What lines below include the string "which"? Pick them out and copy them.

[[ Information provided, beginning ]]

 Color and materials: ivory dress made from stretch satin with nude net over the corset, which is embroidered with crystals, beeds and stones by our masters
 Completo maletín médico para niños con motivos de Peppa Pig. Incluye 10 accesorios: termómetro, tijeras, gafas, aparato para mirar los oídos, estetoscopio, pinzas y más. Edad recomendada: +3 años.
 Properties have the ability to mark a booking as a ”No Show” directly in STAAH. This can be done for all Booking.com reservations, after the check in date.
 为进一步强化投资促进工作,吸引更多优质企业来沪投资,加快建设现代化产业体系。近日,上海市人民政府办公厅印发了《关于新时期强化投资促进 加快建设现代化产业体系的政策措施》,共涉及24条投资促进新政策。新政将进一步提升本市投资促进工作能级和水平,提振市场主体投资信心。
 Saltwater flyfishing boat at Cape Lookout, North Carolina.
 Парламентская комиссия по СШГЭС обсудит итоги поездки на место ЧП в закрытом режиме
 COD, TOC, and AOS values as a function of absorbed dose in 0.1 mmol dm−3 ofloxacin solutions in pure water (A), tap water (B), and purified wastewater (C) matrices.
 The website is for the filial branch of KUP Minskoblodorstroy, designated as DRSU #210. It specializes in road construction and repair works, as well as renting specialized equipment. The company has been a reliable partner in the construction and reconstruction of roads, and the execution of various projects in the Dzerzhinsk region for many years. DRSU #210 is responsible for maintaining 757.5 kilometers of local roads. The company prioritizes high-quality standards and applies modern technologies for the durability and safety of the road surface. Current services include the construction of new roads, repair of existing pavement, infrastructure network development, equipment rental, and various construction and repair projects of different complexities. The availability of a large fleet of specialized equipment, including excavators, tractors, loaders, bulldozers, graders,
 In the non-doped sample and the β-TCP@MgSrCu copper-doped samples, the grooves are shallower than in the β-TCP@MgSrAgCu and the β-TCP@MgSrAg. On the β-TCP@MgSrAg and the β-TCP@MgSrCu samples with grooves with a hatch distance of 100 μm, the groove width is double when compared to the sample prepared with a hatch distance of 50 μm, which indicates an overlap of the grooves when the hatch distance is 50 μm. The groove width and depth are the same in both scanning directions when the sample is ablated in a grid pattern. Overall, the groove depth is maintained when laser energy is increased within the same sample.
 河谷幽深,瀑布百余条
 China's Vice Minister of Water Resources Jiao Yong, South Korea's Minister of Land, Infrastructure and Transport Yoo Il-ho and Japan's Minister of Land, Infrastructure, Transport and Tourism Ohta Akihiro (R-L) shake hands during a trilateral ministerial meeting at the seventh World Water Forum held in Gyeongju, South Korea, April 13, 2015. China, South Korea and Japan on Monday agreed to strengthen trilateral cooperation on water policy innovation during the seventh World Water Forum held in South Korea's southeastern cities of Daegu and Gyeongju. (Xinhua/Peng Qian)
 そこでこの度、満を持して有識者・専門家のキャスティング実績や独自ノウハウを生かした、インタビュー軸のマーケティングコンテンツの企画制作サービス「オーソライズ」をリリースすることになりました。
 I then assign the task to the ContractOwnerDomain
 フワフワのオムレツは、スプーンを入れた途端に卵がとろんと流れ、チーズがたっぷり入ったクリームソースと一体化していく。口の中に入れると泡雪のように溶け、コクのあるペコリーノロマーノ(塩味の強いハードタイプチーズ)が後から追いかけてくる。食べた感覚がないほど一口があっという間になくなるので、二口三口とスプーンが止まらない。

[[ Information provided, end ]]

▶ [Answer]
 Color and materials: ivory dress made from stretch satin with nude net over the corset, which is embroidered with crystals, beeds and stones by our masters
 In the non-doped sample and the β-TCP@MgSrCu copper-doped samples, the grooves are shallower than in the β-TCP@MgSrAgCu and the β-TCP@MgSrAg. On the β-TCP@MgSrAg and the β-TCP@MgSrCu samples with grooves with a hatch distance of 100 μm, the groove width is double when compared to the sample prepared with a hatch distance of 50 μm, which indicates an overlap of the grooves when the hatch distance is 50 μm. The groove width and depth are the same in both scanning directions when the sample is ablated in a grid pattern. Overall, the groove depth is maintained when laser energy is increased within the same sample.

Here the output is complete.